Task statement: What you write must be the listing below in full, word for word, minus its pictures.

Material provided:
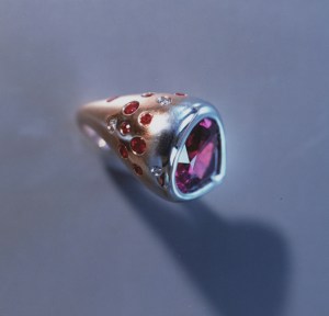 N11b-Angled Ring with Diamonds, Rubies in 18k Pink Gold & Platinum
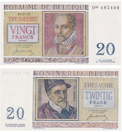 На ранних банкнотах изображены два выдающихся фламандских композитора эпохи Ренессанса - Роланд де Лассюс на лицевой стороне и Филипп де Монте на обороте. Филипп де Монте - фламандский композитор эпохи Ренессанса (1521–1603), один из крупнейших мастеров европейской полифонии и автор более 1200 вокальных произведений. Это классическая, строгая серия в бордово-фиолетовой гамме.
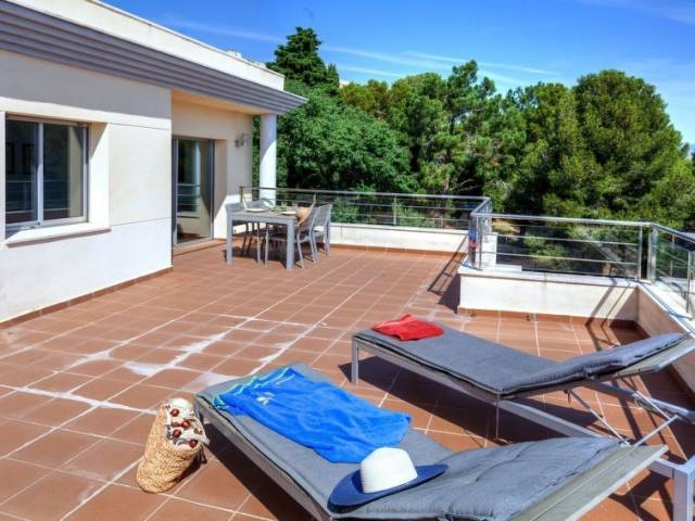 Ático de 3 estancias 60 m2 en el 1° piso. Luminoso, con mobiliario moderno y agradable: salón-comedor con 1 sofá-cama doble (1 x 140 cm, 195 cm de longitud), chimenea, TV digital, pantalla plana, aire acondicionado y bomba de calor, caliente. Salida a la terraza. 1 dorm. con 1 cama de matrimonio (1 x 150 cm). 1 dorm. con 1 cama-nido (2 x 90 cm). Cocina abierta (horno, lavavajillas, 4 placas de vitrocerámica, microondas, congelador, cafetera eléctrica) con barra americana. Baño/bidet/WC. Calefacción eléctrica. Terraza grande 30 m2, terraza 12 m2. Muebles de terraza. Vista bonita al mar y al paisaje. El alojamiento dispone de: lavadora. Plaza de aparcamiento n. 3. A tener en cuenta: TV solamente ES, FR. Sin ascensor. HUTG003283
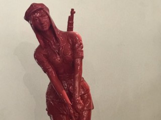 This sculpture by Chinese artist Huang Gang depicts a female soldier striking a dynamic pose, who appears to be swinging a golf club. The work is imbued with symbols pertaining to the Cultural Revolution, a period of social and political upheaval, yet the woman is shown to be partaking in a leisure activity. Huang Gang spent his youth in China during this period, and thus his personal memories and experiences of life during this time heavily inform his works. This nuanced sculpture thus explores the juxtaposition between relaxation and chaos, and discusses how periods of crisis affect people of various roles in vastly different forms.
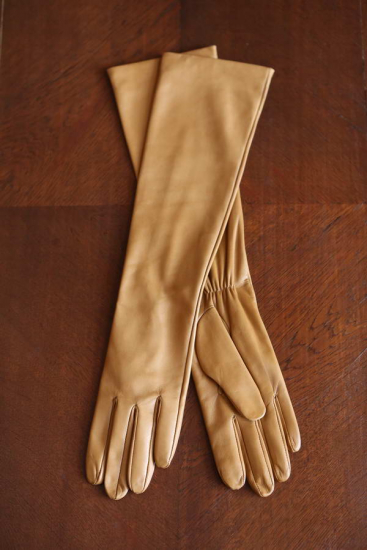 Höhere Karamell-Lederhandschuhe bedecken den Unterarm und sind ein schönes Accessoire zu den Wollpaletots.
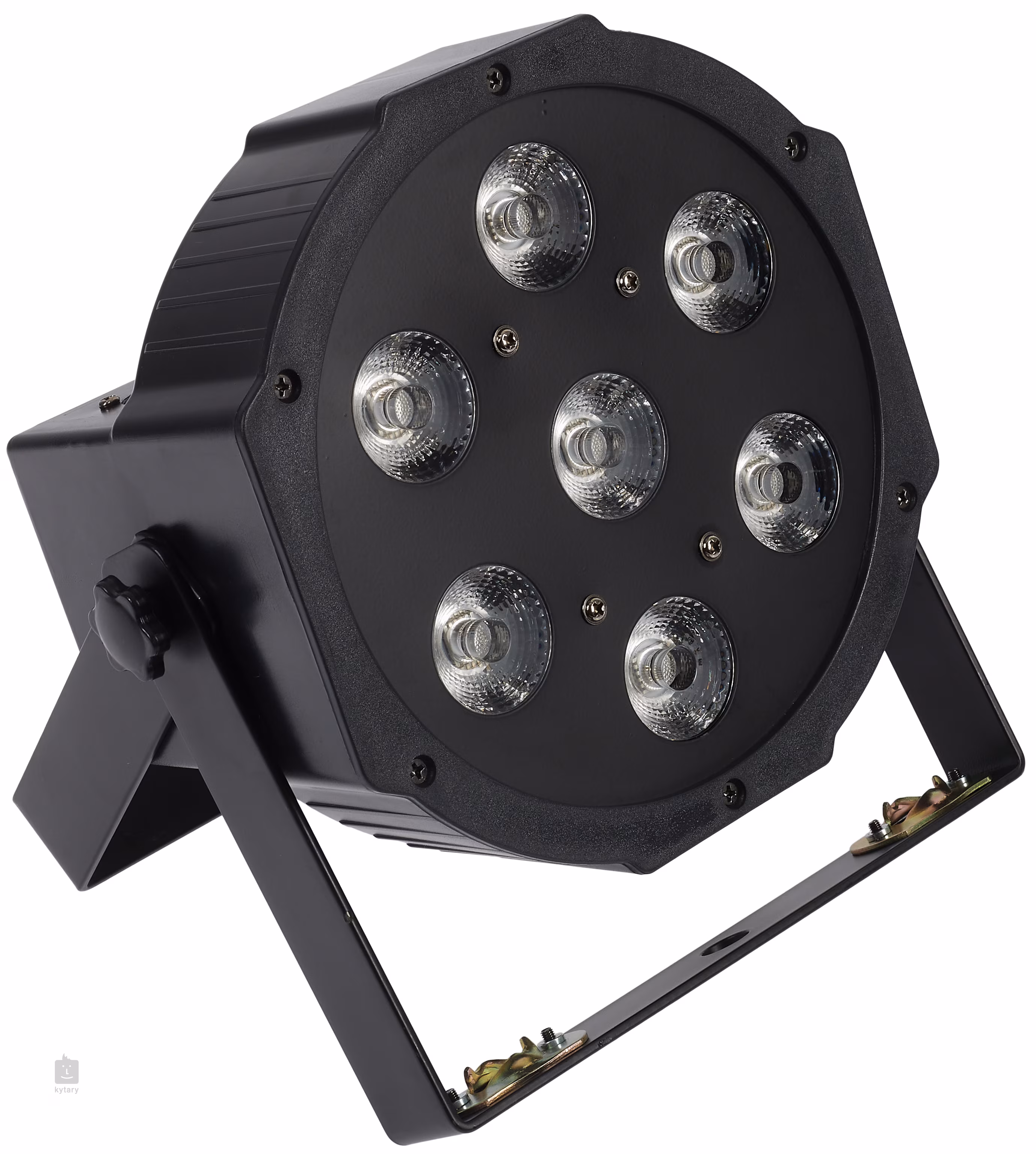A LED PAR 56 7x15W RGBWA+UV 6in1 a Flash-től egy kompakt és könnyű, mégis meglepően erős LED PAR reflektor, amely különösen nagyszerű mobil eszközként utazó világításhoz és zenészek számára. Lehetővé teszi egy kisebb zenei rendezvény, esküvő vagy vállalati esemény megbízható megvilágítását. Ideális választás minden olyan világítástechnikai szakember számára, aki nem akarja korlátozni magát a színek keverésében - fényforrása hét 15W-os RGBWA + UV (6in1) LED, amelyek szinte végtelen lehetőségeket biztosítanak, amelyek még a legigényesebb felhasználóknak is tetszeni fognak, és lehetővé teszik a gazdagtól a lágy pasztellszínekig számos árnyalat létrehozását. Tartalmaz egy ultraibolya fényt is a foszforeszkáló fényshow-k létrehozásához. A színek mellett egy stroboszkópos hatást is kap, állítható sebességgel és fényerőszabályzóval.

Exercise output:
 N11b-Angled Ring with Diamonds, Rubies in 18k Pink Gold & Platinum
 На ранних банкнотах изображены два выдающихся фламандских композитора эпохи Ренессанса - Роланд де Лассюс на лицевой стороне и Филипп де Монте на обороте. Филипп де Монте - фламандский композитор эпохи Ренессанса (1521–1603), один из крупнейших мастеров европейской полифонии и автор более 1200 вокальных произведений. Это классическая, строгая серия в бордово-фиолетовой гамме.
 Ático de 3 estancias 60 m2 en el 1° piso. Luminoso, con mobiliario moderno y agradable: salón-comedor con 1 sofá-cama doble (1 x 140 cm, 195 cm de longitud), chimenea, TV digital, pantalla plana, aire acondicionado y bomba de calor, caliente. Salida a la terraza. 1 dorm. con 1 cama de matrimonio (1 x 150 cm). 1 dorm. con 1 cama-nido (2 x 90 cm). Cocina abierta (horno, lavavajillas, 4 placas de vitrocerámica, microondas, congelador, cafetera eléctrica) con barra americana. Baño/bidet/WC. Calefacción eléctrica. Terraza grande 30 m2, terraza 12 m2. Muebles de terraza. Vista bonita al mar y al paisaje. El alojamiento dispone de: lavadora. Plaza de aparcamiento n. 3. A tener en cuenta: TV solamente ES, FR. Sin ascensor. HUTG003283
 This sculpture by Chinese artist Huang Gang depicts a female soldier striking a dynamic pose, who appears to be swinging a golf club. The work is imbued with symbols pertaining to the Cultural Revolution, a period of social and political upheaval, yet the woman is shown to be partaking in a leisure activity. Huang Gang spent his youth in China during this period, and thus his personal memories and experiences of life during this time heavily inform his works. This nuanced sculpture thus explores the juxtaposition between relaxation and chaos, and discusses how periods of crisis affect people of various roles in vastly different forms.
 Höhere Karamell-Lederhandschuhe bedecken den Unterarm und sind ein schönes Accessoire zu den Wollpaletots.
A LED PAR 56 7x15W RGBWA+UV 6in1 a Flash-től egy kompakt és könnyű, mégis meglepően erős LED PAR reflektor, amely különösen nagyszerű mobil eszközként utazó világításhoz és zenészek számára. Lehetővé teszi egy kisebb zenei rendezvény, esküvő vagy vállalati esemény megbízható megvilágítását. Ideális választás minden olyan világítástechnikai szakember számára, aki nem akarja korlátozni magát a színek keverésében - fényforrása hét 15W-os RGBWA + UV (6in1) LED, amelyek szinte végtelen lehetőségeket biztosítanak, amelyek még a legigényesebb felhasználóknak is tetszeni fognak, és lehetővé teszik a gazdagtól a lágy pasztellszínekig számos árnyalat létrehozását. Tartalmaz egy ultraibolya fényt is a foszforeszkáló fényshow-k létrehozásához. A színek mellett egy stroboszkópos hatást is kap, állítható sebességgel és fényerőszabályzóval.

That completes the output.